Customizable AI: Tailor the LLM to your specific database needs with ease.
Real-Time Performance: No cloud latency, providing fast, on-demand query generation.
Cost-Effective: Avoid high cloud processing costs by running everything on your own infrastructure.
To get started with Ollama, review my last post where I shared steps on how to install and configure Ollama on Kali.
Who Can Benefit from SchemaWiseAI?
SchemaWiseAI is designed for professionals who work with data and rely on accurate, fast, and customized queries. Key users include:
Cybersecurity Analysts: Quickly generate and refine queries for security logs and threat detection.
Data Engineers: Automate the process of adapting AI queries to fit specific database structures.

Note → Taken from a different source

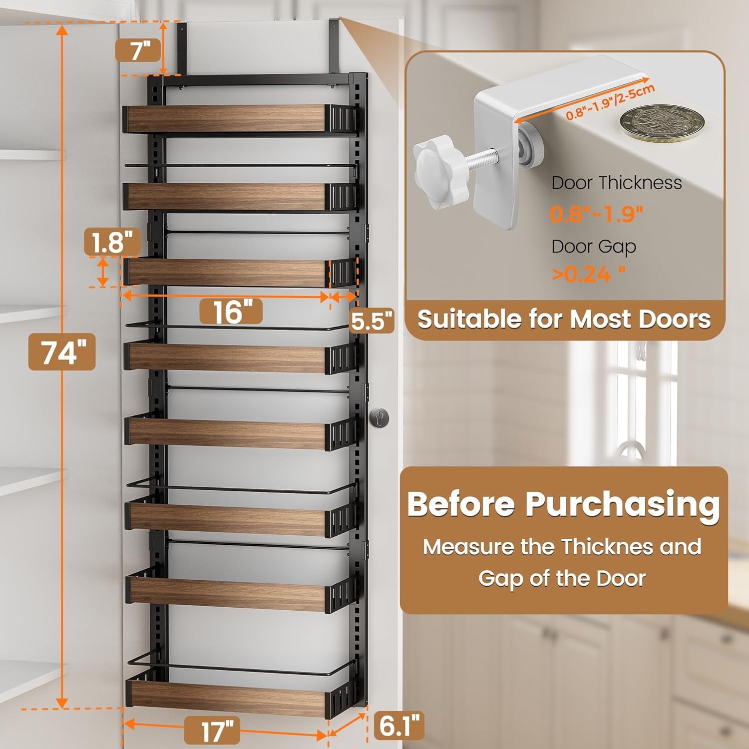 TWO MOUNTING OPTIONS FOR FLEXIBILITY: This versatile organizer can be hung over the door or affixed to the wall, making it a practical solution for pantries, kitchen cabinets, living room walls, and more. The over-the-door setup includes adjustable door hooks that can fit doors ranging from 0.8 to 1.9 inches thick. Assembly is straightforward, requiring about 10 minutes.

Database Administrators: Ensure that all queries are properly aligned with custom schemas, reducing errors and failures.
Business Intelligence Analysts: Easily generate optimized queries for reporting, dashboards, and insights.
Current Limitations
Support for More LLMs: Expanding beyond Ollama to include platforms like OpenAI and other popular models.
Integration with More Data Schemas: Supporting a wider range of schemas, such as Palo Alto logs, DNS logs, and Windows logs.
Improved UX/UI: Enhancements to the user interface for a more intuitive experience.
Expanded Query Optimization: More features to optimize queries for different platforms and use cases.
To manage scalability limitations: take machine learning, pattern-based learning approach, or a hybrid approach.
Conclusion: Transform Your Data Queries with SchemaWiseAI
SchemaWiseAI is the perfect solution for organizations looking to streamline their query generation process, improve query accuracy, and save time. Whether you’re a cybersecurity analyst, data engineer, or business intelligence analyst, SchemaWiseAI is designed to make working with data more efficient.
By automating the transformation of LLM-generated queries into organization-specific formats, SchemaWiseAI saves you the time and effort needed for manual adjustments. And with future features like broader LLM support, expanded schema integration, and improved user experience, SchemaWiseAI is positioned to become a game-changer in the world of data querying.
Disclosure:
Please note that some of the SchemaWiseAI code and content in this post were generated with the help of AI/Large Language Models (LLMs). The generated code and content has been carefully reviewed and adapted to ensure accuracy and relevance.